Abdul, Bimal, Charlie and Dilbar can finish a task in 10, 12, 15 and 18 days respectively. They can either choose to work or remain absent on a particular day. If 50 percent of the total work gets completed after 3 days, then, which of the following options is possible?
Let us assume the amount of work to be finished = LCM of {10, 12, 15, 18} = 180 units.
The amount of work which Abdul can complete in a day = $$\dfrac{180}{10}$$ = 18 units.
The amount of work which Bimal can complete in a day = $$\dfrac{180}{12}$$ = 15 units.
The amount of work which Charlie can complete in a day = $$\dfrac{180}{15}$$ = 12 units.
The amount of work which Dilbar can complete in a day = $$\dfrac{180}{18}$$ = 10 units.
It is given that 50 percent of the total work gets completed after 3 days.
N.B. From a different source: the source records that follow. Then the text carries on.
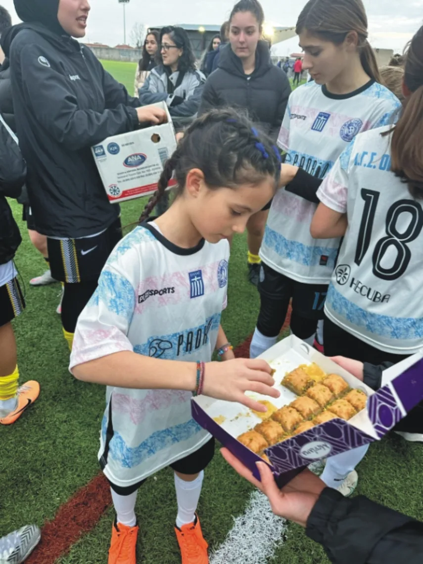 Orestis Kadın Futbol Takımı ile Orestiada Stadı’ndan dostluk maçı yapan Karaağaç Arda Spor, ev sahibi takımın oyuncularına baklava ikram etmekten de geri kalmadı.
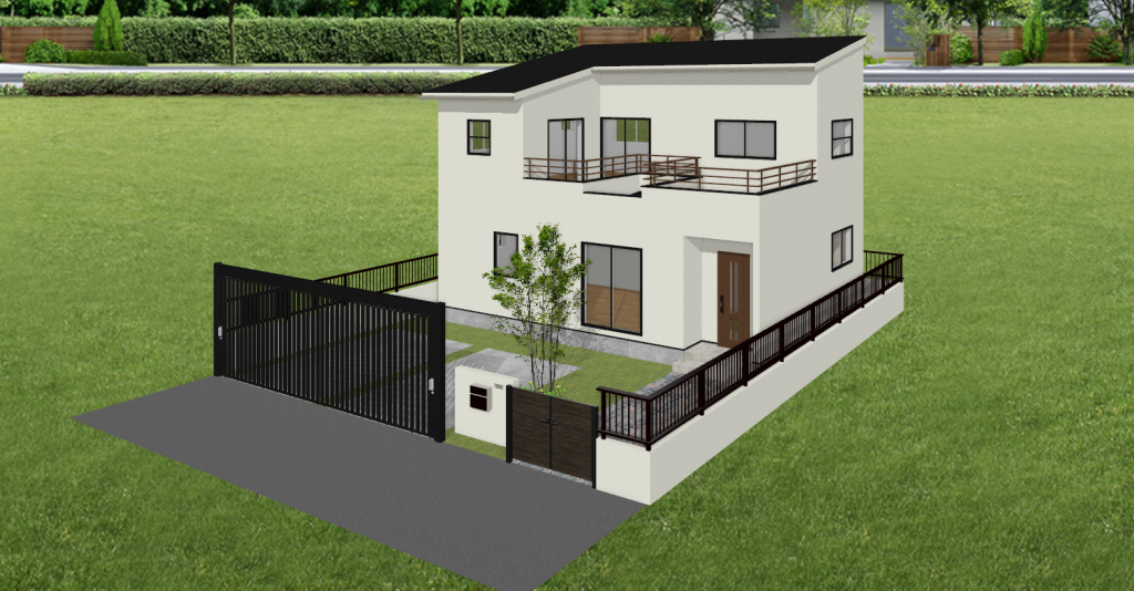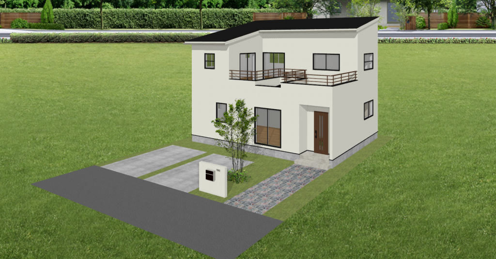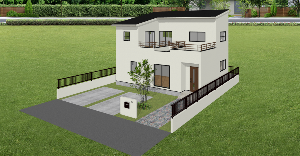 オープン外構は敷地のまわりにフェンスや壁を設けず、敷地と道路や隣地との間を遮るものがないため明るく開放的な印象になります。
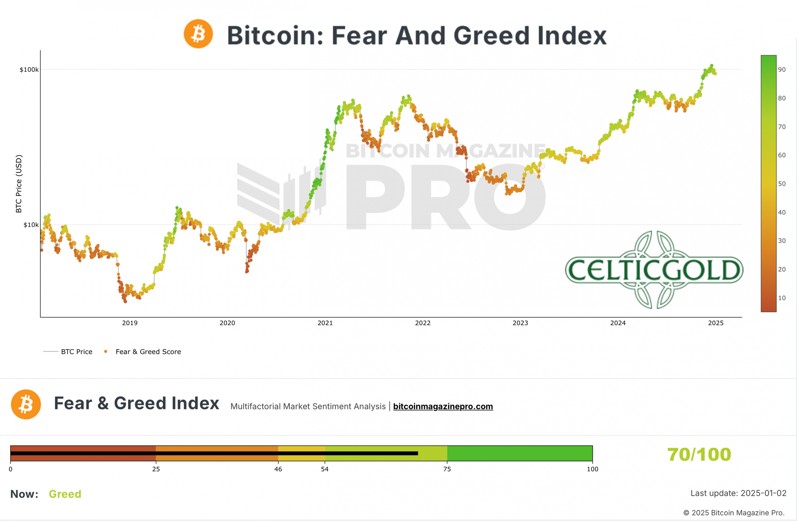 Crypto Fear & Greed Index, as of January 2nd, 2025. Source: Bitcoin Magazine Pro.
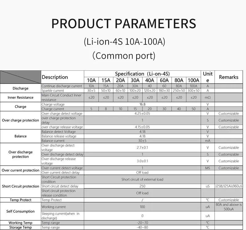 Литий-ионный аккумулятор 4S 12 В, 10 А, 15 А, 20 А, 30 А, 40 А, 50 А, 60 А, зарядное устройство 18650, PCB плата защиты BMS с балансом для модуля Lipo 14,8 вМодель: DL4S (литий-ионный аккумулятор с номинальным напряжением 3,7 в не для LiFePO4 с номинальным напряжением 3,2 В)Обычная версия: общий порт для зарядки/разрядкиОтдельная версия: отдельный порт для зарядки/разрядкиМы можем настроить любую печатную плату от 1S до 30S литиевых батарей с разным током. Особенность: для той же модели ток заряда меньше тока разряда, так как платы Daly были обновлены для надежной защиты аккумулятора клиента. По любым вопросам, пожалуйста, свяжитесь с нами. Daly: январь 2020 1. Обзор◆ DL4S12V10A/15A/20/30A/40A/50A/60A bms используется для аккумуляторных батарей 4 серии 12 В.◆ Мы можем конструировать его для различных литиевых батарей, таких как LiFepo4, LiMn2O4, и Li-polymer и т. Д.◆ Основные функции: защита от перезарядки, защита от разрядки, защита от перегрузки по току, защита от короткого замыкания, защита от температуры и т. д.◆ Согласно запросу клиента мы можем разработать PCM в различных размерах и структурах.◆ BMS изготовлено высококачественными импортными МОП и ИС. Длительный срок службы батареи. 2. Преимущество◆ Используйте высококачественную (A-level) Защитную интегральную схему IC, от решения Seiko из Японии.◆ Сильная нагрузка, ток постоянная разрядка а/15 А/20/30 А/40 А/50 А/60 А, сопротивление высокого напряжения, низкое внутреннее сопротивление мощности полевого МОП-транзистора. Радиатор значительно поможет охлаждать.◆ IC сам имеет функцию балансировки мощности. Схема проста и надежна.◆ Типичное Определение напряжения для каждой ячейки. Таким образом, каждый аккумулятор не будет перезаряжен или разряжен. Функция защиты от перегрузки по току и короткого замыкания очень надежная. Длительное короткое замыкание нагрузки не влияет на печатную плату и аккумулятор. Температурная защита во время зарядки и разрядки.◆ Очень низкое энергопотребление. Потребление всего устройства составляет менее 50 мкА.◆ На печатной плате используется высокая защита от коррозии, Высокая водонепроницаемость, высокое сопротивление ESD конформное покрытие.
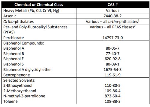 The list was first proposed in 2018 as part of Amazon's initiative to remove chemicals of concern that: (1) meet the criteria for classification as a carcinogen, mutagen, reproductive, or other systemic toxicant; or (2) are persistent, bioaccumulative, and toxic. Revised in December 2020, Amazon's Kitchen brands will no longer contain the following in food contact packaging:
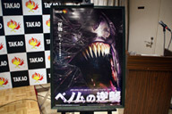 | 最後はフォトセッションが行なわれ、ベノムを想起させる黒い衣裳に身を包んだコンパニオンにフラッシュが焚かれた。 |
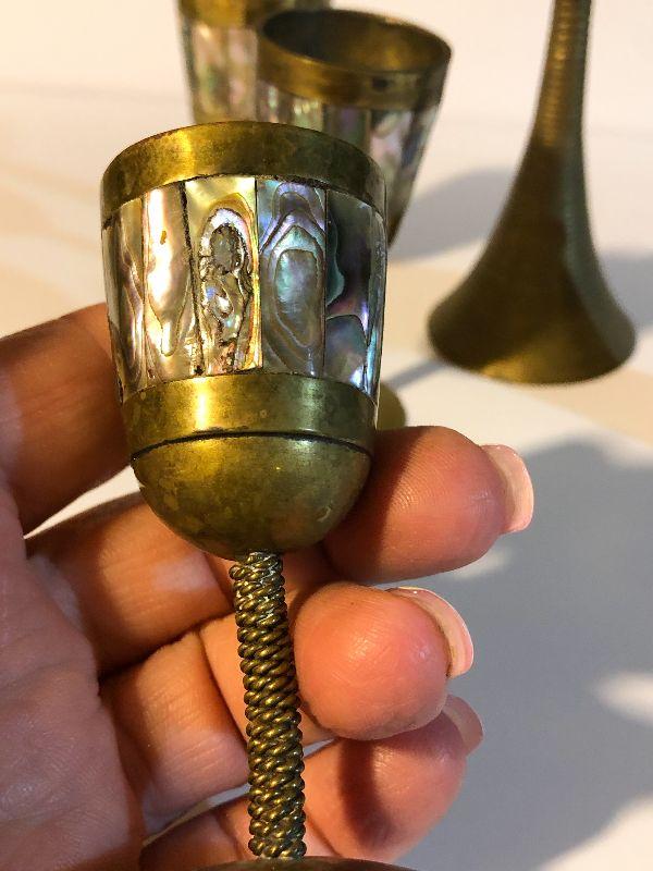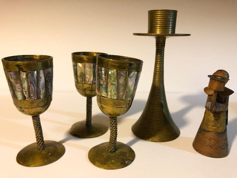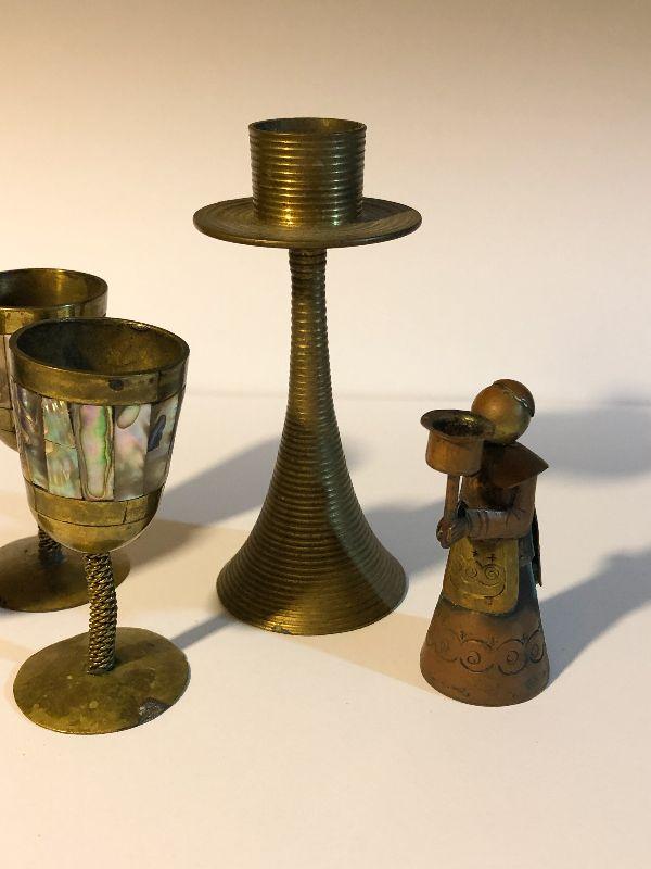 Nice lot of Mexican mixed metal arts, from small goblets to angel. Please see all pics for contents of the lot, condition of the lot, and the size of the items. Thank you for looking and have fun bidding.
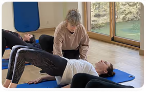 Cours en duo (à deux) sur tapis et appareils : partagez une séance personnalisée tout en bénéficiant d’un encadrement précis, adapté aux objectifs et au niveau de chacun.

Therefore, we can say that 90 units of work was completed in 3 days.
Let us check options.
Option A: Each of them worked for exactly 2 days.
In this case amount of work completed = 2*(10+15+12+18) = 110 units.
Option B: Bimal and Dilbar worked for 1 day each, Charlie worked for 2 days and Abdul worked for all 3 days.
In this case amount of work completed = 1*(10+15)+2*(12)+3*(18) = 103 units.
Option C: Abdul and Charlie worked for 2 days each, Dilbar worked for 1 day and Bimal worked for all 3 days.
In this case amount of work completed = 1*(10)+3*(15)+2*(18+12) = 115 units.
Option D: Abdul and Dilbar worked for 2 days each, Charlie worked for 1 day and Bimal worked for all 3 days.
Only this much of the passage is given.